We've made a few changes to the way content is served on radionz.co.nz
1. The first is that all static content is now served from a separate domain (static.radionz.net.nz). We are using Nginx for this task because it is faster and more light-weight than Apache.
One benefit is that the browser can make more connections to the site for downloading page elements in parallel.
The second reason we used a completely different domain (instead of a sub-domain such as static.radionz.co.nz) is that it is cookie-less.
The browser does not send any cookies with requests for this static content. If it was on a sub-domain, then any cookies for the domain would be sent with each request. In the case of our home page, this added about 6k to every page request.

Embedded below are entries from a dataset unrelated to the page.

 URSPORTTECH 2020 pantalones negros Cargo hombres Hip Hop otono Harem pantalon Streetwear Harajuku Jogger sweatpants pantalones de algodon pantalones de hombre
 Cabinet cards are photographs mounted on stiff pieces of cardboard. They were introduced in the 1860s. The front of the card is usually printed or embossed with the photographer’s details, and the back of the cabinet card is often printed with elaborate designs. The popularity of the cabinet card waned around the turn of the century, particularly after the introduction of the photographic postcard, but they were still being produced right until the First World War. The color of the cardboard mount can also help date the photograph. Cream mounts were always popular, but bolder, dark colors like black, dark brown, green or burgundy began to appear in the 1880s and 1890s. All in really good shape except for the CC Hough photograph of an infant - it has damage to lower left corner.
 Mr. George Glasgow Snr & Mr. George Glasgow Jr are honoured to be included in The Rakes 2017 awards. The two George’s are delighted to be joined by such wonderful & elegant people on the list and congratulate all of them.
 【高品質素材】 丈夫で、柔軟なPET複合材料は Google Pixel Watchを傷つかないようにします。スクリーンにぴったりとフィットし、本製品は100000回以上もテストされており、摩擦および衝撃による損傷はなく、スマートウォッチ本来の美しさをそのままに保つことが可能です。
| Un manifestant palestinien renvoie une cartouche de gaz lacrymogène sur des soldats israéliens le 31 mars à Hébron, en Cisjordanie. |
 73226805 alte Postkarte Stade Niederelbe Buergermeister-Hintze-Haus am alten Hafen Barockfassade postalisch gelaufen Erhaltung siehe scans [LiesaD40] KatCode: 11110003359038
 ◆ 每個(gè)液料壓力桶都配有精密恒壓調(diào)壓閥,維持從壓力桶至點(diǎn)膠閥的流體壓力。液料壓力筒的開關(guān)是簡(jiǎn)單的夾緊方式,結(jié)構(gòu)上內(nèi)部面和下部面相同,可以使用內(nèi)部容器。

One of the NZ sites I tested while working on this has 65K of cookies sent for static assets on the home page. Someone has to pay for that wasted bandwidth.

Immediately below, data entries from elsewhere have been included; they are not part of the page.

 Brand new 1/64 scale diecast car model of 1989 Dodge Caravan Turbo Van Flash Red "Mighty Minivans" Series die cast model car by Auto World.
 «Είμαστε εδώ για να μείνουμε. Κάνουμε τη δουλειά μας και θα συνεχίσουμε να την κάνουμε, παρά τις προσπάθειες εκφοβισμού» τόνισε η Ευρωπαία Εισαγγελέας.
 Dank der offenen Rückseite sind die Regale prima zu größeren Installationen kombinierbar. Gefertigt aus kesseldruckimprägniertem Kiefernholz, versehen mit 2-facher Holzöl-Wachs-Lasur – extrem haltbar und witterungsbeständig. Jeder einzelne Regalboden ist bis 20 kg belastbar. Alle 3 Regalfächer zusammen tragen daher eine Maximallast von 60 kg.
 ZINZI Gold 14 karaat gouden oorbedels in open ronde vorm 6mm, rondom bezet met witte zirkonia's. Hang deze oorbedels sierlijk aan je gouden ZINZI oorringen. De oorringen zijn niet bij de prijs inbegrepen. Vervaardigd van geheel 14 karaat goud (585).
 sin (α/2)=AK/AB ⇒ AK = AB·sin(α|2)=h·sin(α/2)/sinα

2. The expiry date of static content is set one year in the future, and assets are marked as Cache-Control: Public.
This tells any application that the content passes through (including the end-user's browser) that the content can be cached, and that it won't expire for a year.

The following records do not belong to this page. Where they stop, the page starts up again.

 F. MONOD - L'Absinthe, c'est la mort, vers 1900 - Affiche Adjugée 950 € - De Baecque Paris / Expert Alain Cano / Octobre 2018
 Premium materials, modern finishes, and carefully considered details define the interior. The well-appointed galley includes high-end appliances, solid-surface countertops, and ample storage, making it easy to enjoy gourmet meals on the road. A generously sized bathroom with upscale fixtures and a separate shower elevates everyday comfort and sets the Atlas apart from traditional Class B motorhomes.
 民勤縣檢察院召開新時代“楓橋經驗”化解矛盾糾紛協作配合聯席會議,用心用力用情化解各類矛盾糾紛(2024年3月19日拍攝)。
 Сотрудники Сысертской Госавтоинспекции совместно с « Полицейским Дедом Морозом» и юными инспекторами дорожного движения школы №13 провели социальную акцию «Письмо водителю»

Intermediate caches (like the ones most ISPs have) are more likely to keep a copy of the assets and pass them on instead coming back to our servers. The browser will also check the content in its local cache and only fetch items that have expired.
The net effect is fewer requests for static assets. The makes for less bandwidth used by the client, and less bandwidth paid for by us.
Initial tests show that browsing between two recently visited pages (or pages that are cached locally) is about 100% faster than before the changes. Pages that are not already cached are about 15% faster due to nginx serving files more efficiently and the gzipping of our HTML content. Previously we did not gzip html content because of the relatively high server load, but nginx seems to be able to do this without any impact.
In fact, the overall server load has been reduced by about 10%.
For those who are interested, browse around the site with the Firebug Net tab open and watch how the content loads. You'll notice two things. The first is that subsequent visits to the page only get the main page and the two analytic scripts. The second is that the page fully renders quickly, even though the browser is still getting content. This was achieved by careful placement of the CSS and JS files in the HTML markup.
The site now gets a YSlow 'A' rating (excluding the CDN test, which is not relevant to us).